---------- DATA FOR ANALYSIS
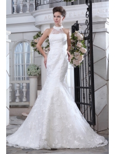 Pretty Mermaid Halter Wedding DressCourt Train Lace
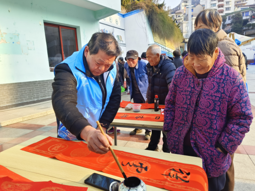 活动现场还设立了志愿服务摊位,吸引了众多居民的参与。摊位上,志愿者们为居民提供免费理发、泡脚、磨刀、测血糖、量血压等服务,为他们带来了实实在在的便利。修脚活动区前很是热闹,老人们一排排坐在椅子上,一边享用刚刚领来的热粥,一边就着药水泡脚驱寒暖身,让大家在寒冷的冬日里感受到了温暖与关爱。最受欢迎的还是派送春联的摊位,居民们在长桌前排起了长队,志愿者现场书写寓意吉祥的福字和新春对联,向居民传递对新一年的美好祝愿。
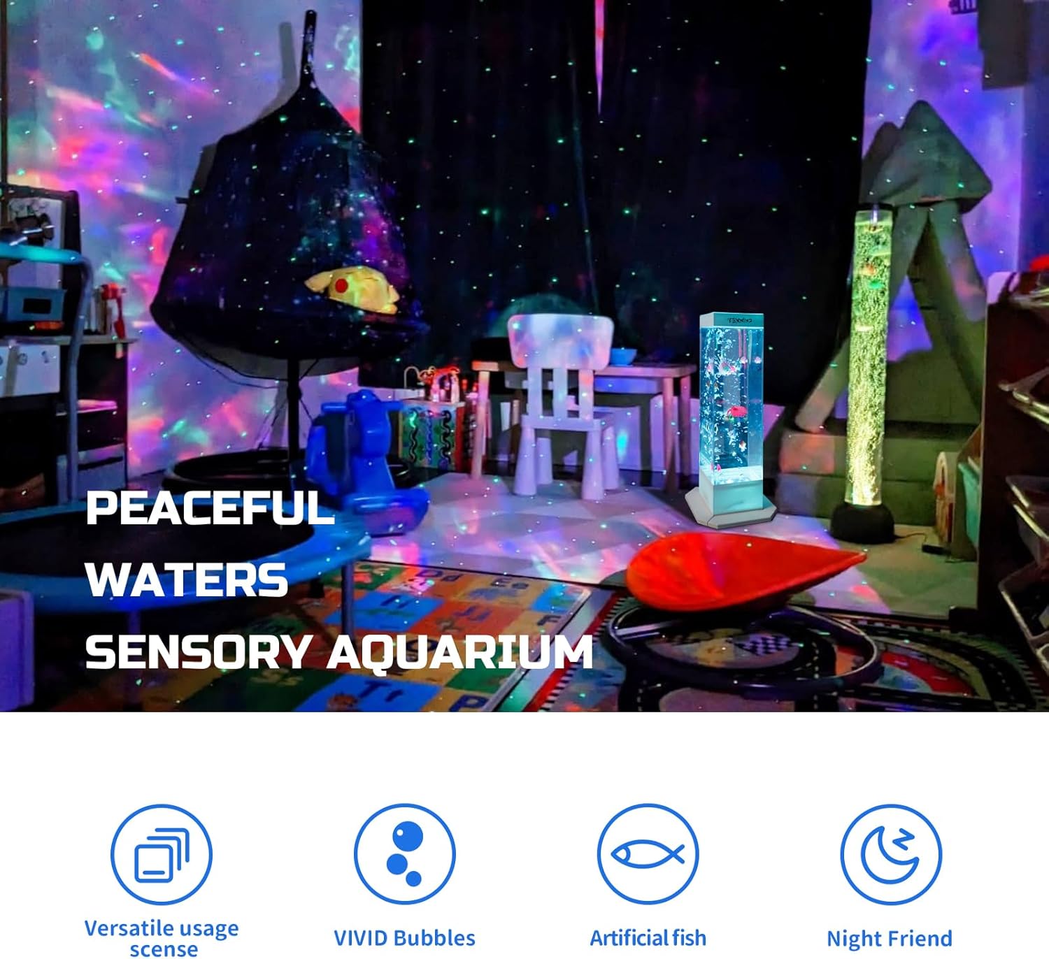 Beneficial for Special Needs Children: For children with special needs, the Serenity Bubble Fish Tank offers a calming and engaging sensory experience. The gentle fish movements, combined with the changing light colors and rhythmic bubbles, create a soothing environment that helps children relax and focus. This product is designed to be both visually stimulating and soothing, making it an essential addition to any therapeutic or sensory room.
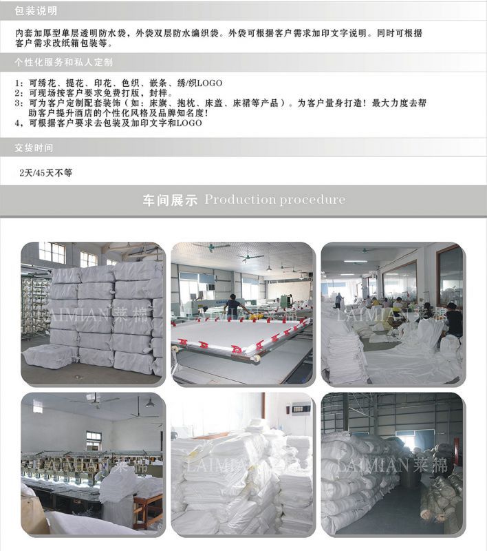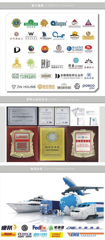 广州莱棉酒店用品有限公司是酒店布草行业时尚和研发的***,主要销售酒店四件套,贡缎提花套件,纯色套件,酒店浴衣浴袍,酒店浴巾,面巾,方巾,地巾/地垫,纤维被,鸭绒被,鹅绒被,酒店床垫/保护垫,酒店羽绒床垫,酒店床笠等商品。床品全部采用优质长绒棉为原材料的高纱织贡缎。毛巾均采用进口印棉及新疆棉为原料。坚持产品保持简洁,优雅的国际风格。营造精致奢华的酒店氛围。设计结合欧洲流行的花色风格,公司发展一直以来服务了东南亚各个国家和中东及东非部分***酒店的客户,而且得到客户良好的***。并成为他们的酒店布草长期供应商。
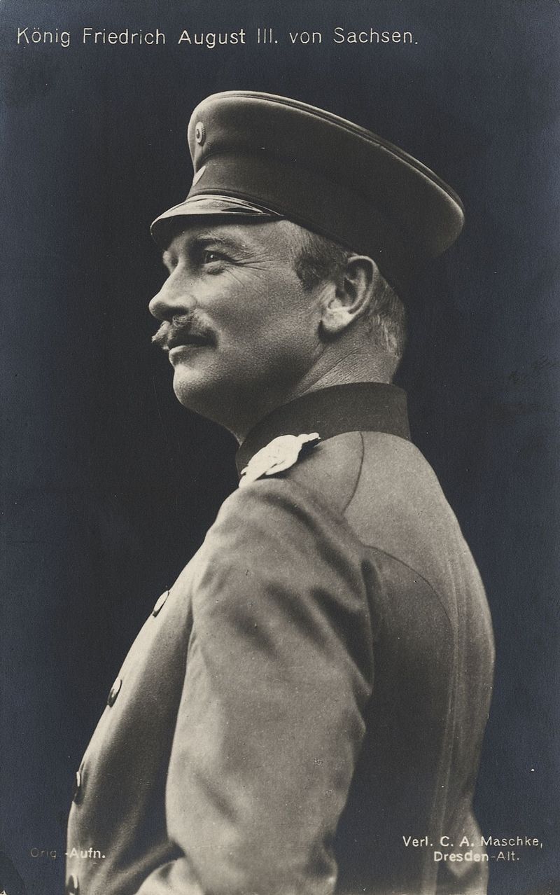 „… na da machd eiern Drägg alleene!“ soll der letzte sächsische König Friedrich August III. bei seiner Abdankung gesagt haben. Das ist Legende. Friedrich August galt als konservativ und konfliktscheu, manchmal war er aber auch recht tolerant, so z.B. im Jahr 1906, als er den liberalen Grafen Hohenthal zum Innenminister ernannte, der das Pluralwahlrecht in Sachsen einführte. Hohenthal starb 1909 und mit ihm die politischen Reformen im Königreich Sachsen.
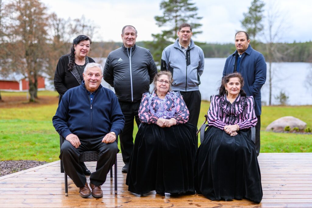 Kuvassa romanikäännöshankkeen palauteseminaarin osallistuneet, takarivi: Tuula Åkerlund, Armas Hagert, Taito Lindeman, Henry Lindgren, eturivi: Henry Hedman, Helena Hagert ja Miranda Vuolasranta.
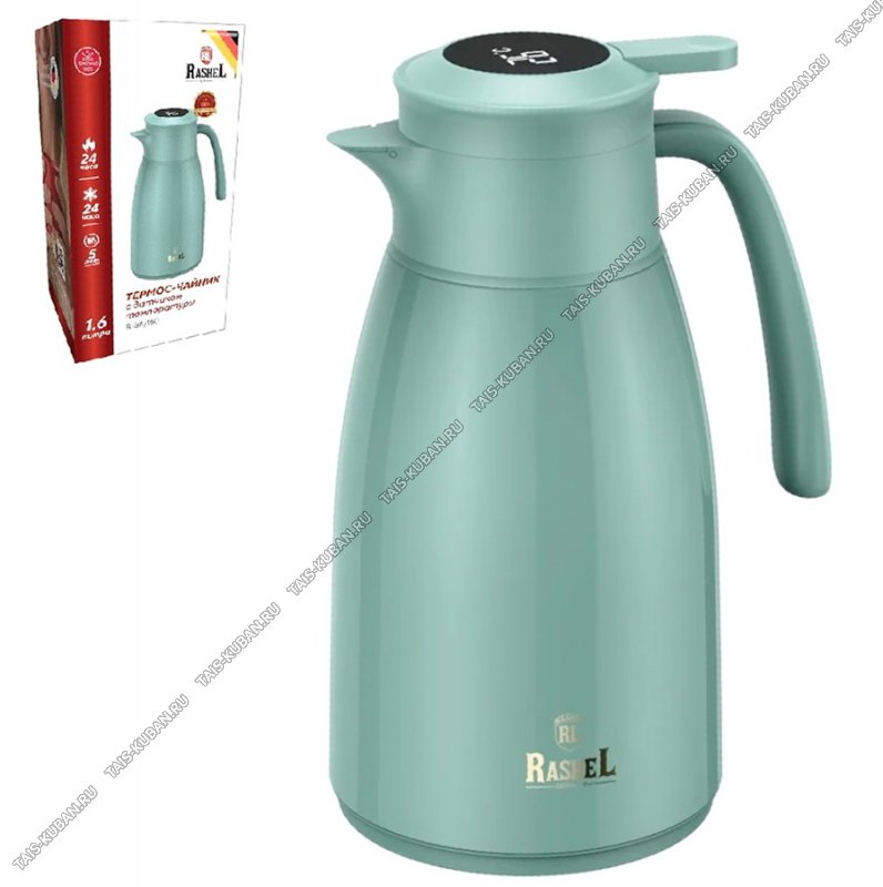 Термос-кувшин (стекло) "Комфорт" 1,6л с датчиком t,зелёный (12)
--------------------
__YOUR TASK__: Excluding the pictures, output every entry above without alteration.

__EXERCISE OUTPUT__:
 Pretty Mermaid Halter Wedding DressCourt Train Lace
 活动现场还设立了志愿服务摊位,吸引了众多居民的参与。摊位上,志愿者们为居民提供免费理发、泡脚、磨刀、测血糖、量血压等服务,为他们带来了实实在在的便利。修脚活动区前很是热闹,老人们一排排坐在椅子上,一边享用刚刚领来的热粥,一边就着药水泡脚驱寒暖身,让大家在寒冷的冬日里感受到了温暖与关爱。最受欢迎的还是派送春联的摊位,居民们在长桌前排起了长队,志愿者现场书写寓意吉祥的福字和新春对联,向居民传递对新一年的美好祝愿。
 Beneficial for Special Needs Children: For children with special needs, the Serenity Bubble Fish Tank offers a calming and engaging sensory experience. The gentle fish movements, combined with the changing light colors and rhythmic bubbles, create a soothing environment that helps children relax and focus. This product is designed to be both visually stimulating and soothing, making it an essential addition to any therapeutic or sensory room.
 广州莱棉酒店用品有限公司是酒店布草行业时尚和研发的***,主要销售酒店四件套,贡缎提花套件,纯色套件,酒店浴衣浴袍,酒店浴巾,面巾,方巾,地巾/地垫,纤维被,鸭绒被,鹅绒被,酒店床垫/保护垫,酒店羽绒床垫,酒店床笠等商品。床品全部采用优质长绒棉为原材料的高纱织贡缎。毛巾均采用进口印棉及新疆棉为原料。坚持产品保持简洁,优雅的国际风格。营造精致奢华的酒店氛围。设计结合欧洲流行的花色风格,公司发展一直以来服务了东南亚各个国家和中东及东非部分***酒店的客户,而且得到客户良好的***。并成为他们的酒店布草长期供应商。
 „… na da machd eiern Drägg alleene!“ soll der letzte sächsische König Friedrich August III. bei seiner Abdankung gesagt haben. Das ist Legende. Friedrich August galt als konservativ und konfliktscheu, manchmal war er aber auch recht tolerant, so z.B. im Jahr 1906, als er den liberalen Grafen Hohenthal zum Innenminister ernannte, der das Pluralwahlrecht in Sachsen einführte. Hohenthal starb 1909 und mit ihm die politischen Reformen im Königreich Sachsen.
 Kuvassa romanikäännöshankkeen palauteseminaarin osallistuneet, takarivi: Tuula Åkerlund, Armas Hagert, Taito Lindeman, Henry Lindgren, eturivi: Henry Hedman, Helena Hagert ja Miranda Vuolasranta.
 Термос-кувшин (стекло) "Комфорт" 1,6л с датчиком t,зелёный (12)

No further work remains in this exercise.